At the Inland Revenue Center, a 400,000-square-foot government office complex, wings are 45 feet wide and 240 feet long, to maximize exterior exposure. The long, narrow floor plates of the building facilitate cross ventilation when windows are open. When the windows are closed, intake louvers draw in fresh air and allow stale air to travel through the building to the roof ridge and towers at the end of each wing. On the top floor, spent air is expelled by a skylight ridge, instead of the stair towers, which would have to have been at least 20 feet higher than the ceiling to draw air adequately. Each of Inland’s three floors has parallel airflow. Fans within the raised floor on each level pull fresh air through louvers directly into the cavity. The air travels over heat exchangers, where it is heated if necessary, then moves through a nearby floor grille, where it is introduced in the offices at floor level. Stale, warmer air collects at the ceiling and is drawn along the ceiling until exhausted through the ridge, or stair towers, whose roof raises and lowers to regulate rate.
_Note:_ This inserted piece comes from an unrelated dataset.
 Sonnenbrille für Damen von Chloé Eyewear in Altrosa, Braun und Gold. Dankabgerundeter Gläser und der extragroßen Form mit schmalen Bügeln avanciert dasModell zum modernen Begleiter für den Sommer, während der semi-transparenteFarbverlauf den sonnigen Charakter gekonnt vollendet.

At the Queen’s Building, window, louver, and chimney forms demarcate the various ventilation strategies—which are principles taught in the classrooms of the building itself. Multiple atrium chimneys exhaust air, supplementing other chimneys in the high-bay lab spaces and auditoriums. The great variety of spaces and their usage at Queen’s calls for a more varied ventilation approach. Here, 100,000 square feet of labs, classrooms, auditoriums, and offices housing the university’s engineering program are either high, narrow spaces exposed on two or more sides, or they open to an atrium. Two small labs for precision work require mechanical ventilation, but aside from these spaces, more passive means are fully explored. Offices utilize simple cross ventilation where possible, with deeper spaces relying on stack ventilation. Underfloor ventilation provides fresh air to auditoriums; as the warm air rises it is pulled out the stacks. Rooms overlooking the atrium have walls punctured with operable panels that can be changed to control ventilation.
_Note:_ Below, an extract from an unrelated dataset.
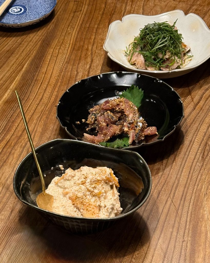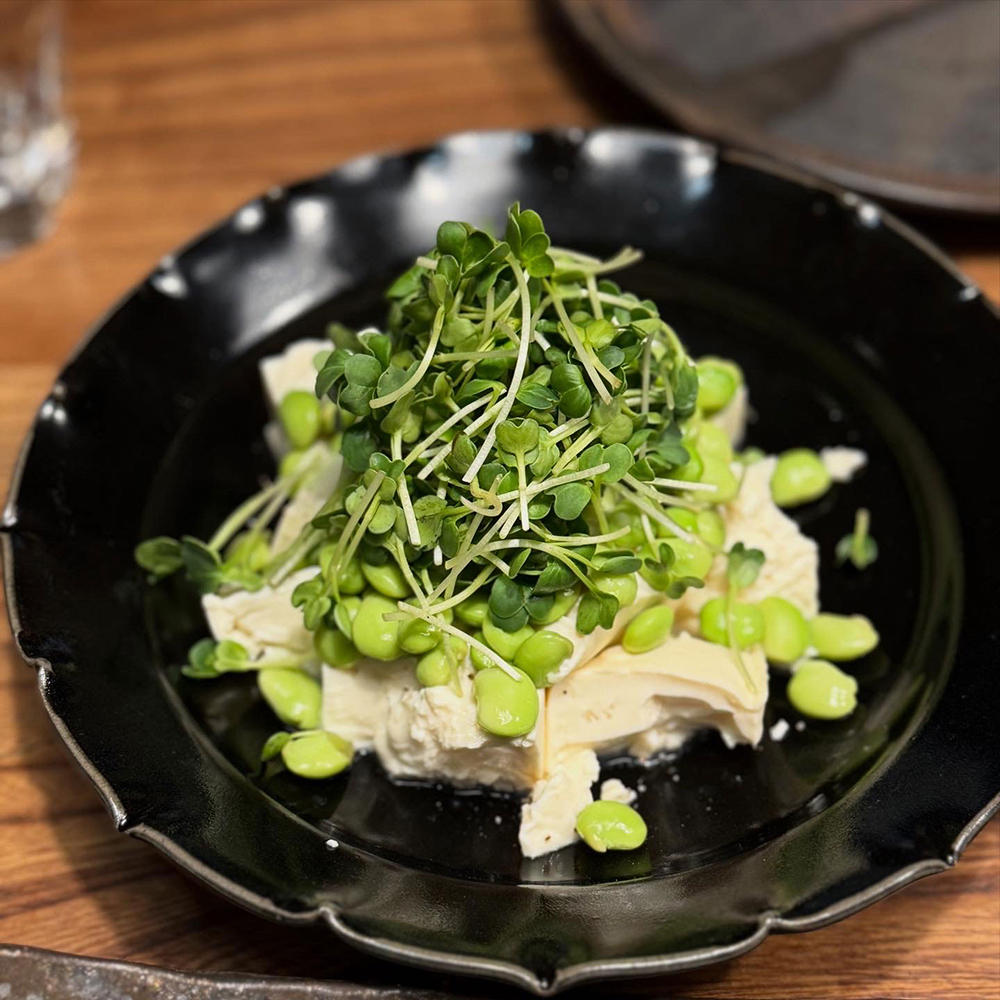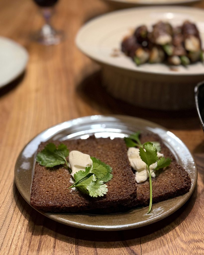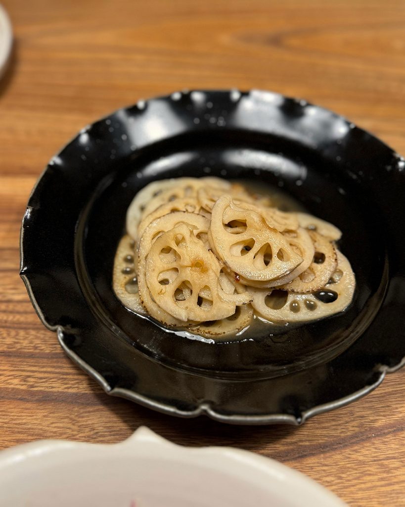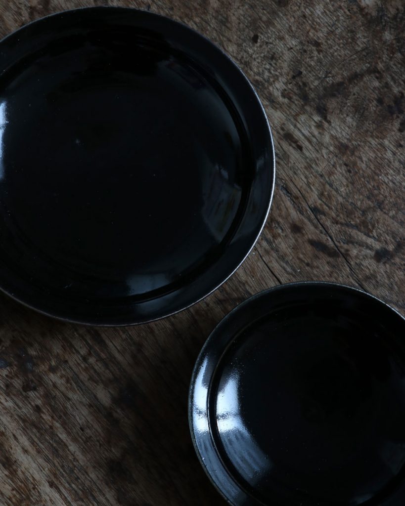 こちらは鉄分の多い黒釉のうつわ。先ほどの青磁釉と同じ形ですが、黒の深さに食材の色を映すつややかさ、まったく異なる趣です。ぐっと食材や料理を縁取って強調するかのような1枚です。

These projects illustrate the nuances of chimney caps and tower tops, which are critical to ventilation design. The towers at the Inland Revenue Center absorb solar energy to create and assist draw. By contrast, another project by Michael Hopkins and Partners, this one at Nottingham University, uses tower-top cowlings that rotate in the wind. With openings facing downwind, the wind pressure differentials over the building and across the cowlings create draw. At Queen’s, the chimneys, with four faces, are designed to draw regardless of wind direction and are solar-assisted. Much recent work utilizes this principle, instead of the temperature differences that drive the stack effect to foster air movement. Potential advantages of this strategy include chimney diameters that are smaller than those usually required to create the stack effect.